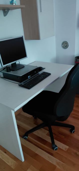 Uz stol dolazi uredska stolica bez rukohvata, ispravna.
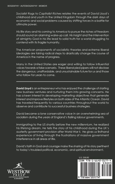Socialist Rags to Capitalist Riches relates the events of David Lloyd's childhood and youth in the United Kingdom through the dark days of economic and social problems caused by shifting forces in a battle for ultimate power. His life story and his coming to America to pursue the riches of freedom should sound an alarming wake-up call. His insight and the intervention of almighty God in his life lead to solid truth for a world struggling to contend with its fragile humanity. The American proponents of socialistic theories and extreme liberal ideologies are taking radical steps to drastically change the course of America in the name of progress. Many in the United States are eager and willing to follow influential voices towards a false scenario. These liberal pied pipers will not disclose the dangerous, unaffordable, and unsustainable future for us and those who follow for years to come.
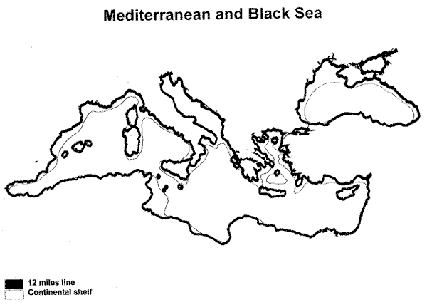 Fig. 4c . Mediterranean shelf areas in relation to a line 12 miles distant from shore
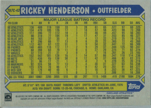 Topps Series One Baseball 2022 Chrome Silver Card T87C-42 Rickey Henderson
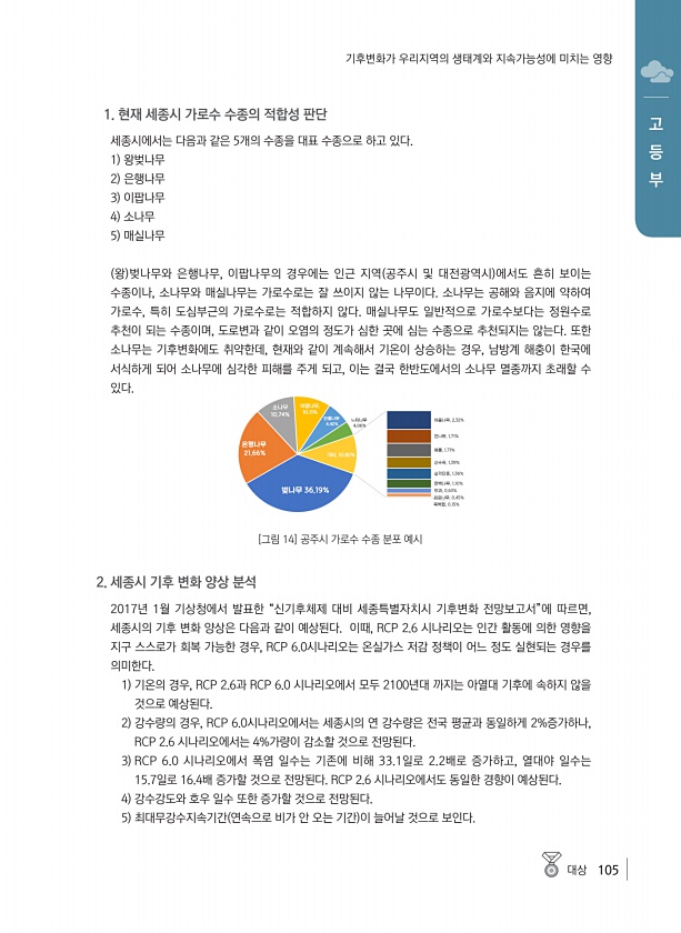 대상 105 고 등 부 기후변화가 우리지역의 생태계와 지속가능성에 미치는 영향 1. 현재 세종시 가로수 수종의 적합성 판단 세종시에서는 다음과 같은 5개의 수종을 대표 수종으로 하고 있다. 1 왕벚나무 2 은행나무 3 이팝나무 4 소나무 5 매실나무 왕 벚나무와 은행나무, 이팝나무의 경우에는 인근 지역 공주시 및 대전광역시 에서도 흔히 보이는 수종이나, 소나무와 매실나무는 가로수로는 잘 쓰이지 않는 나무이다. 소나무는 공해와 음지에 약하여 가로수, 특히 도심부근의 가로수로는 적합하지 않다. 매실나무도 일반적으로 가로수보다는 정원수로 추천이 되는 수종이며, 도로변과 같이 오염의 정도가 심한 곳에 심는 수종으로 추천되지는 않는다. 또한 소나무는 기후변화에도 취약한데, 현재와 같이 계속해서 기온이 상승하는 경우,...
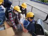 5年生は、一人一人がバケツでイネを育てようと、土作りを学習しています。登校した...
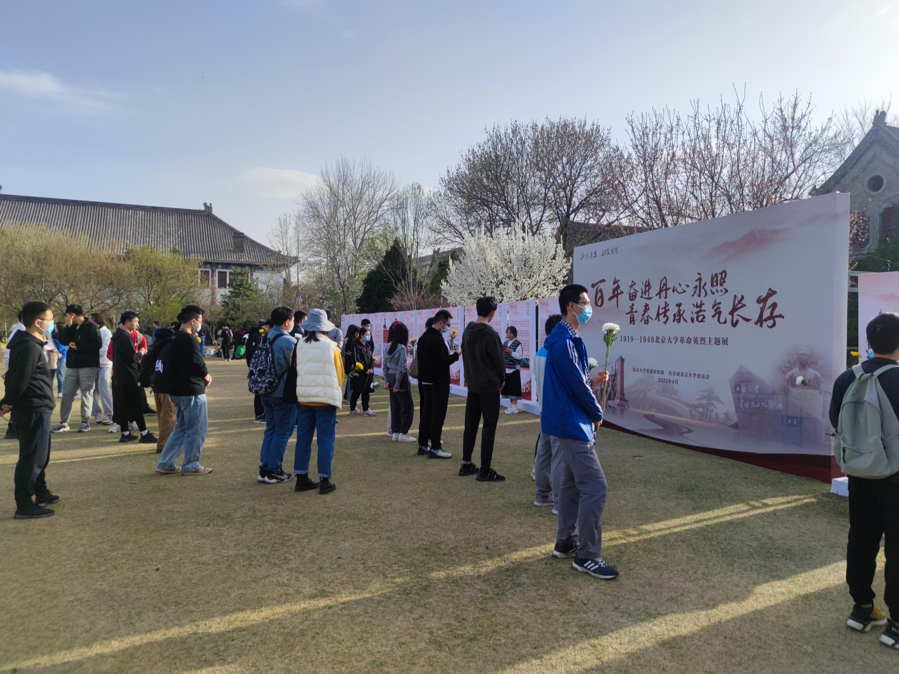 革命英烈主题展,并向北大革命烈士纪念碑敬献鲜花。伴随着志愿讲解员的解读,传颂英雄红色故事,激励北大学子铭记革命历史,慎终追远,珍惜幸福生活,凝聚奋进力量。

Task brief: Repeat the entries exactly as they are given, leaving out each image.

Output of the exercise:
 Uz stol dolazi uredska stolica bez rukohvata, ispravna.
Socialist Rags to Capitalist Riches relates the events of David Lloyd's childhood and youth in the United Kingdom through the dark days of economic and social problems caused by shifting forces in a battle for ultimate power. His life story and his coming to America to pursue the riches of freedom should sound an alarming wake-up call. His insight and the intervention of almighty God in his life lead to solid truth for a world struggling to contend with its fragile humanity. The American proponents of socialistic theories and extreme liberal ideologies are taking radical steps to drastically change the course of America in the name of progress. Many in the United States are eager and willing to follow influential voices towards a false scenario. These liberal pied pipers will not disclose the dangerous, unaffordable, and unsustainable future for us and those who follow for years to come.
 Fig. 4c . Mediterranean shelf areas in relation to a line 12 miles distant from shore
 Topps Series One Baseball 2022 Chrome Silver Card T87C-42 Rickey Henderson
 대상 105 고 등 부 기후변화가 우리지역의 생태계와 지속가능성에 미치는 영향 1. 현재 세종시 가로수 수종의 적합성 판단 세종시에서는 다음과 같은 5개의 수종을 대표 수종으로 하고 있다. 1 왕벚나무 2 은행나무 3 이팝나무 4 소나무 5 매실나무 왕 벚나무와 은행나무, 이팝나무의 경우에는 인근 지역 공주시 및 대전광역시 에서도 흔히 보이는 수종이나, 소나무와 매실나무는 가로수로는 잘 쓰이지 않는 나무이다. 소나무는 공해와 음지에 약하여 가로수, 특히 도심부근의 가로수로는 적합하지 않다. 매실나무도 일반적으로 가로수보다는 정원수로 추천이 되는 수종이며, 도로변과 같이 오염의 정도가 심한 곳에 심는 수종으로 추천되지는 않는다. 또한 소나무는 기후변화에도 취약한데, 현재와 같이 계속해서 기온이 상승하는 경우,...
 5年生は、一人一人がバケツでイネを育てようと、土作りを学習しています。登校した...
 革命英烈主题展,并向北大革命烈士纪念碑敬献鲜花。伴随着志愿讲解员的解读,传颂英雄红色故事,激励北大学子铭记革命历史,慎终追远,珍惜幸福生活,凝聚奋进力量。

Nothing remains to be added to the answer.